------ Exercise input ------
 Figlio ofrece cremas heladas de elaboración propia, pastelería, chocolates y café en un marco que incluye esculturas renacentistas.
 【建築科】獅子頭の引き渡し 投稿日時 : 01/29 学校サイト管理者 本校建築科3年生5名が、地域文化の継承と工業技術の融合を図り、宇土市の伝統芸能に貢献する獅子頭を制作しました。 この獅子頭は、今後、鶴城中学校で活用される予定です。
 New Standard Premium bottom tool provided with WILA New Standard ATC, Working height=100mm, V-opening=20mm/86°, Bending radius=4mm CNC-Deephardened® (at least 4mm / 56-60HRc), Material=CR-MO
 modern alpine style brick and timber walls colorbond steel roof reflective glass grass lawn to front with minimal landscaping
------
------ Exercise input ------
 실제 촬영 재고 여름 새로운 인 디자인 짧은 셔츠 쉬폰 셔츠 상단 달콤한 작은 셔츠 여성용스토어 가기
------
#### What to do:
With the line that has "投稿日時 : 01/29" as the first and the line that has "modern alpine style" as the last, repeat exactly that run of lines above and no more.

#### Exercise result:
 【建築科】獅子頭の引き渡し 投稿日時 : 01/29 学校サイト管理者 本校建築科3年生5名が、地域文化の継承と工業技術の融合を図り、宇土市の伝統芸能に貢献する獅子頭を制作しました。 この獅子頭は、今後、鶴城中学校で活用される予定です。
 New Standard Premium bottom tool provided with WILA New Standard ATC, Working height=100mm, V-opening=20mm/86°, Bending radius=4mm CNC-Deephardened® (at least 4mm / 56-60HRc), Material=CR-MO
 modern alpine style brick and timber walls colorbond steel roof reflective glass grass lawn to front with minimal landscaping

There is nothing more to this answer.